- Opening Delimiter -

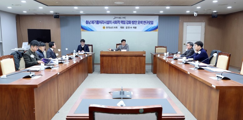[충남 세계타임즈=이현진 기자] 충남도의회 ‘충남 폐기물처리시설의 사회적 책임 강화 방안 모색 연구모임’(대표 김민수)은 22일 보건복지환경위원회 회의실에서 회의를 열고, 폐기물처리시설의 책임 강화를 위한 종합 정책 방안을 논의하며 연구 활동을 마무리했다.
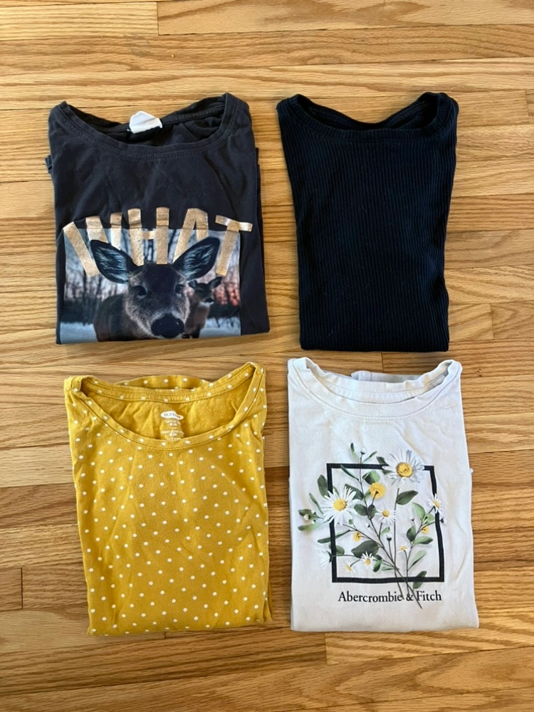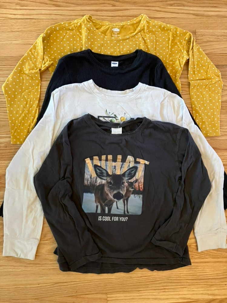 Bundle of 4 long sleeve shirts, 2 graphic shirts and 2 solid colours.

- Closing Delimiter -
- Opening Delimiter -

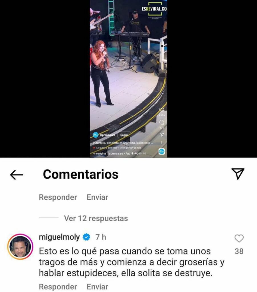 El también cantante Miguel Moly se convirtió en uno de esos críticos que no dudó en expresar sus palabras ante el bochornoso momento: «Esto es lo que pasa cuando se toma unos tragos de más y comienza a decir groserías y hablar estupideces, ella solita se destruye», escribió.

- Closing Delimiter -
- Opening Delimiter -

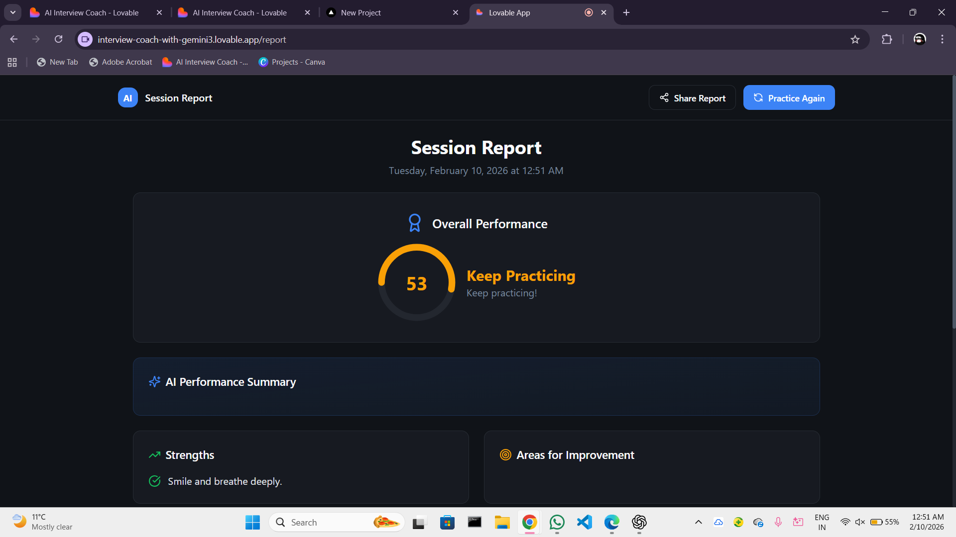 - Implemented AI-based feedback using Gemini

- Closing Delimiter -

Among the entries above, find the line with "[충남 세계타임즈=이현진 기자]" and repeat exactly from there through the line with "Bundle of 4", leaving out the pictures.

* _FINISHED TASK_
[충남 세계타임즈=이현진 기자] 충남도의회 ‘충남 폐기물처리시설의 사회적 책임 강화 방안 모색 연구모임’(대표 김민수)은 22일 보건복지환경위원회 회의실에서 회의를 열고, 폐기물처리시설의 책임 강화를 위한 종합 정책 방안을 논의하며 연구 활동을 마무리했다.
 Bundle of 4 long sleeve shirts, 2 graphic shirts and 2 solid colours.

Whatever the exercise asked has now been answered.